La mort de Robin Williams qui tint le rôle du prof-gourou dans Le cercle des poètes disparus me rappelle un des protagonistes du  Maître des illusions de Donna Tartt que je n'ai découvert que récemment.. C'était arriver un peu à la fumée des cierges : la traduction française date de 1993 et des millions d'exemplaires ont été vendus. En fait le succès du Chardonneret, son troisième romanet son prix Pulitzer ont attiré mon attention. Celui-ci m'a d'ailleurs paru inférieur au premier, peut-être parce qu'il est difficile d'écrire 900 pages sans longueurs (à moins d'être Tolstoï ?). Donna Tartt, en effet, comme sa consoeur Joyce Carol Oates, est prolixe mais si la nourriture est un peu bourrante elle est aussi de qualité. Du reste, avec ses 700 pages (ed. "Pocket"), Le maître des illusions est d'un dépouillement presque classique...En réalité c'est un roman baroque par le  foisonnement, la richesse et la variété du contenu, du ton, des personnages y compris les pittoresques seconds rôles.

Il s'agit d'un roman d'éducation sous forme de thriller mais aussi d'un roman réaliste et satirique qui pourrait se rattacher au sous-genre du roman académique cher aux Anglo-saxons. Il a pour cadre, en effet, une petite université de la côte est (dans le Vermont, ce qui ajoute une pointe de ruralité écolo) avec les petites mesquineries de son corps enseignant, la pusillanimité de l'administration soucieuse de sa bonne réputation et ses étudiants qui semblent passer leur temps à boire, fumer et forniquer. Le narrateur, fils de col bleu de la côte ouest (Los Angeles), s'intègre grâce à sa connaissance du grec à un petit groupe de privilégiés qui le fascinent.
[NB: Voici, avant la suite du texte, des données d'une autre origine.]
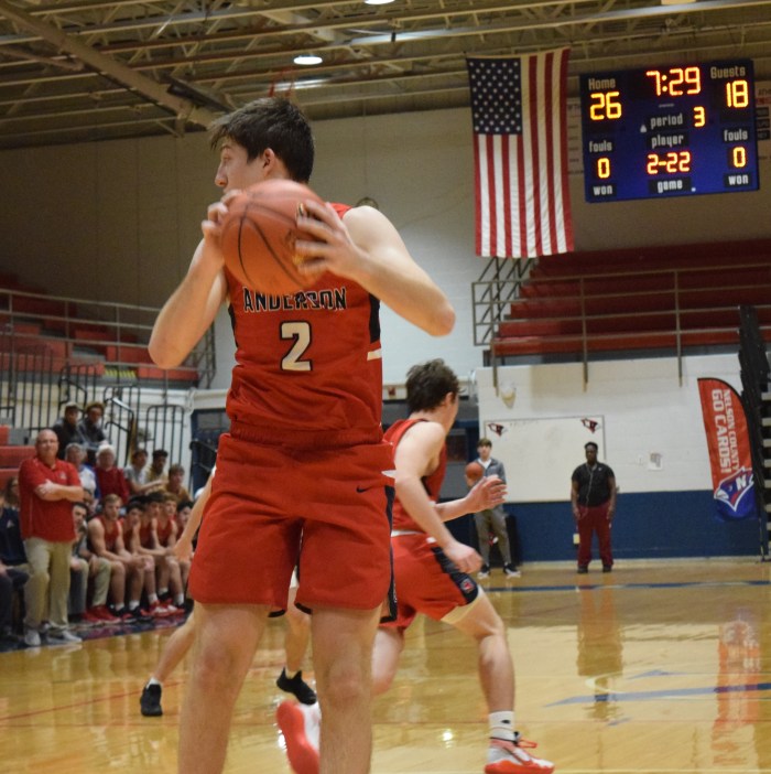 Anderson County’s Jagger Gillis pulls down a rebound early in the third quarter against Frankfort.

Privilégiés, ils le sont soit par leur naissance (aristocratie de la Nouvelle-Angleterre) soit par leur fortune, soit par les deux. Ils ont voyagé en Europe, se vêtent en dandys et font ostensiblement bande à part. Une seule femme parmi eux, jumelle de l'un d'eux. le héros en tombe évidemment amoureux mais...Ce petit groupe suit les cours de grec d'un professeur charismatique qui les domine par sa culture, par l'aura que lui donne un passé prestigieux où il a fréquenté écrivains et artistes, par ses liens avec la vieille Europe, c'est à dire Paris, la Toscane et Rome, la Grèce antique, par un anticonformisme moral et esthétique qui frôle parfois la provocation. Il s'avérera "maître des illusions" comme Dionysos dont il célèbre le culte et les cérémonies où naissent des visions et se déchaînent nos forces obscures. Son pouvoir est tel que le petit groupe s'essaiera aux transes dionysiaques dans un mélange de comique (courant en draps blancs, la nuit, dans la forêt du Vermont...), d'enthousiasme au sens étymologique, et de tragique. Pas tout à fait intégré car les autres lui font sentir le fossé social, le narrateur ne participe pas au culte, le narrateur après avoir reconstitué peu à peu les évènements, perdra ses illusions sur ses compagnons, son maître, l'amour et lui-même. C'est cette découverte et cette perte progressives qui sont le ressort dramatique qui tient le lecteur en haleine. En une année il aura connu la folie, le meurtre, le remords et le châtiment, nés d'un enchaînement fatal qui nous ramène à Dionysos et aux Grecs.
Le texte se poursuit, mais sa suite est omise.